JÁ DISSEMOS BASTANTE para mostrar como a doutrina da
evolução não é de modo algum a teoria científica bem
fundamentada que tanto pintam. É verdade que uma boa
soma de fatos já foi trazida à baila em defesa dela; porém
desde o princípio não poucos cientistas e pensadores —
inclusive alguns dos mais destacados expoentes da
evolução — reconhecem a fraqueza do argumento empírico.
Assim é que o próprio Darwin, para começar, tivesse toda a
circunspecção em expor a sua tese. “Darwin jamais afirmou
apresentar prova da evolução ou da origem das espécies”,
admite o artigo da Britannica; “afirmava, sim, que caso haja
ocorrido a evolução se explicaria uma série de fatos caso
contrário inexplicáveis”. E Haeckel, o teórico evolucionista
alemão e renomado popularizador do darwinismo na
Europa, chegou mesmo a escrever (em carta para um amigo
cientista): “Não se pode imaginar nada mais absurdo, nada
mais revelador de total incompreensão da nossa teoria, que
exigir dela um fundamento em evidência experimental”. É
questionável se os empiristas britânicos podiam concordar
com o colega do continente nesse particular; do que não há
dúvida é que de ambos os lados a teoria foi proposta
fundamentalmente em base apriorística e que, sejam quais
tenham sido os principais fatores a motivar e impulsionar o
movimento evolucionista, o empurrãozinho decisivo para o
triunfo lhe foi dado não por qualquer evidência palmar, e
sim por considerações racionais e ideológicas de variadas
ordens. Dampier, por exemplo, evolucionista convicto ele
próprio, admitiu isso ao escrever:
 
Haeckel e outros biólogos materialistas, e seguindo-
lhes a esteira filósofos e teóricos políticos alemães,
uniram-se para criar esse darwinismo que fez adeptos
mais darwinistas que Darwin. [...] Os homens aceitavam
a seleção natural como causa provada e suficiente da
evolução e da origem das espécies.

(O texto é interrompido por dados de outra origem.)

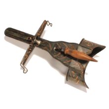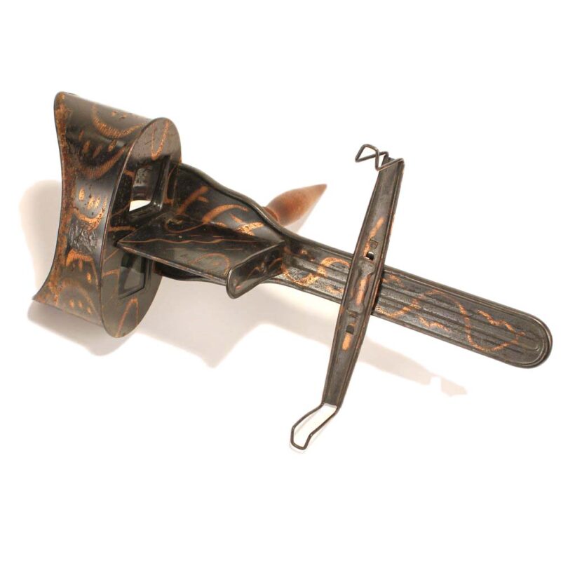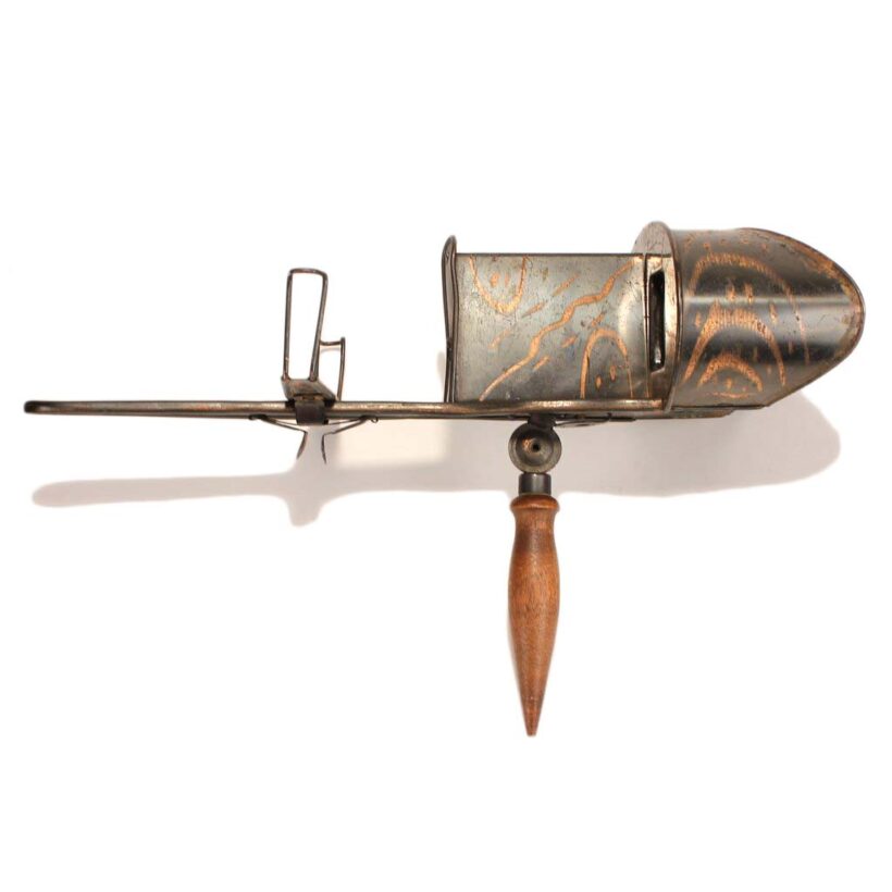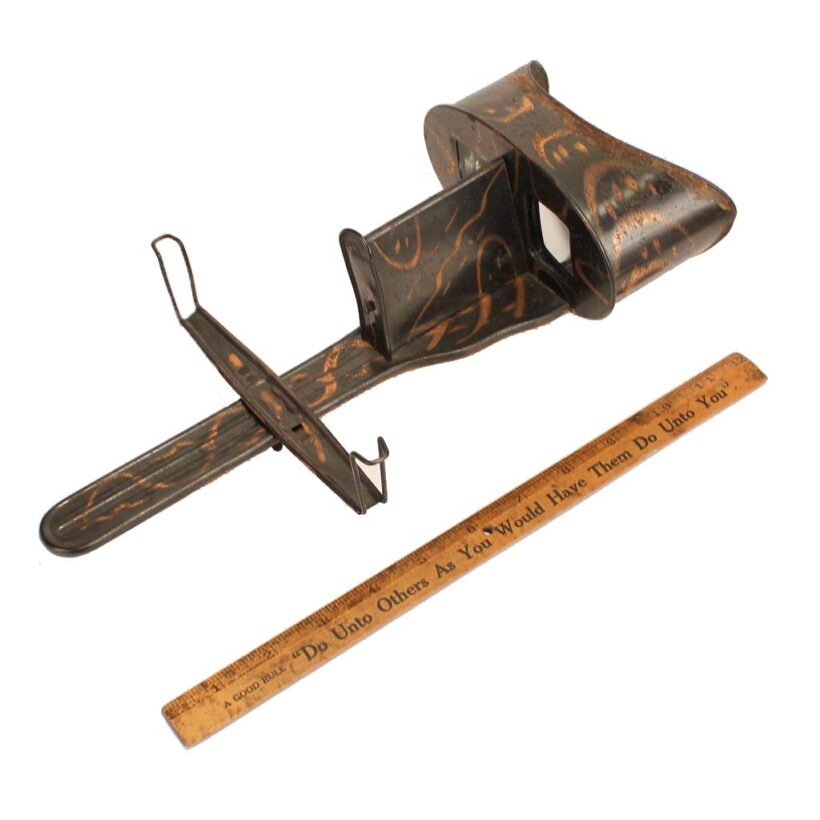 For your three-dimensional stereoviewing pleasure, an antique stereoscope viewer in a rare japanned copper flash finish, c. 1900. Stamped “The Perfecscope” and retailed by the H.C. White Company. Bold copper flashing upside and down. Folding wooden handle. Excellent optics. A useful viewer for antique stereoview cards, but a sculptural object in its own right.

Passou o darwinismo
de uma cautelosa teorização científica a uma filosofia —
quase a uma religião.30
 
Deixando de lado certas implicações interessantes
contidas nessas observações, está claro, em todo caso, que
a teoria da evolução chegou na hora certa, e que as
condições favoráveis à sua recepção haviam sido
preparadas com antecedência por algumas das principais
correntes do pensamento europeu. Como nota Hossein
Nasr, outro historiador da ciência:
 
É mesmo raríssimo uma teoria vinculada a uma
ciência particular obter tão ampla aceitação, talvez
porque o próprio evolucionismo, ao invés de ser uma
teoria científica que veio a popularizar-se, começou como
uma tendência geral para depois adentrar o domínio da
biologia. Não por outro motivo teve pronta aceitação
mais como dogma do que como hipótese científica útil.31
 
Por certo, o caráter dogmático ou apriorístico da doutrina
ainda não é reconhecido pelo vulgo, e até mesmo nos
círculos científicos continua generalizada a crença de que a
evolução já foi empiricamente verificada além de qualquer
dúvida razoável. E no entanto, por incrível que pareça, não
raro se admite o contrário. Assim fez, por exemplo, um
biólogo francês de prol (depois de informar que “jamais
presenciamos, por mais ínfimo que seja, um só autêntico
fenômeno evolutivo”):
 
Estou firmemente convicto — pois não vejo meio de
pensar diferente — de que os mamíferos vêm dos
lagartos e os lagartos dos peixes; só que, quando eu faço
tal declaração, tento não fechar os olhos à indigesta
enormidade dela, e sou mais por deixar indefinida a
origem dessas metamorfoses escandalosas do que por
adicionar à improbabilidade delas a de uma interpretação
estapafúrdia.32
 
O que o cientista nos diz aí, por outras palavras, é que,
mesmo com a “indigesta enormidade” da afirmação
transformista e o fato de que “jamais presenciamos, por
mais ínfimo que seja, um só autêntico fenômeno evolutivo”,
ele aceita a doutrina em base apriorística (“pois não vejo
meio de pensar diferente”).
A posição semioficial, em contrapartida, omite toda
referência a uma indigesta enormidade, e sustenta apenas
que a doutrina teve êxito em explicar de maneira
plenamente satisfatória uma série de fenômenos “caso
contrário inexplicáveis”. Mas, para além da intrínseca
dificuldade de determinar ao certo quando um dado
fenômeno é “caso contrário inexplicável” — assunto em que
já tocamos —, essa asserção fraqueja ainda em outro ponto.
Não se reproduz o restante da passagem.